* [TO DO] Exactly as it appears, restate the whole listing.

* [DATASET SECTION]
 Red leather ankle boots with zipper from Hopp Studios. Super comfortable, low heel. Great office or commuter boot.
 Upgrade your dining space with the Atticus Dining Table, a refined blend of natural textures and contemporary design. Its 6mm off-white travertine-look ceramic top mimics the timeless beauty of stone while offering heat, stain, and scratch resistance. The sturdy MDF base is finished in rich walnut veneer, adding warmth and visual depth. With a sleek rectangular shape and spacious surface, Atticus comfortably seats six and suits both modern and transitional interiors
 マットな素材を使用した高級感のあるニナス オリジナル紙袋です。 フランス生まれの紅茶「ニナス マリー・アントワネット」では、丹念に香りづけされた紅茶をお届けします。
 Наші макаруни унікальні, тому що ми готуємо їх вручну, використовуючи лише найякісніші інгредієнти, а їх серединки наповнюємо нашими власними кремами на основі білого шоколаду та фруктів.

* [TASK RESULT]
 Red leather ankle boots with zipper from Hopp Studios. Super comfortable, low heel. Great office or commuter boot.
 Upgrade your dining space with the Atticus Dining Table, a refined blend of natural textures and contemporary design. Its 6mm off-white travertine-look ceramic top mimics the timeless beauty of stone while offering heat, stain, and scratch resistance. The sturdy MDF base is finished in rich walnut veneer, adding warmth and visual depth. With a sleek rectangular shape and spacious surface, Atticus comfortably seats six and suits both modern and transitional interiors
 マットな素材を使用した高級感のあるニナス オリジナル紙袋です。 フランス生まれの紅茶「ニナス マリー・アントワネット」では、丹念に香りづけされた紅茶をお届けします。
 Наші макаруни унікальні, тому що ми готуємо їх вручну, використовуючи лише найякісніші інгредієнти, а їх серединки наповнюємо нашими власними кремами на основі білого шоколаду та фруктів.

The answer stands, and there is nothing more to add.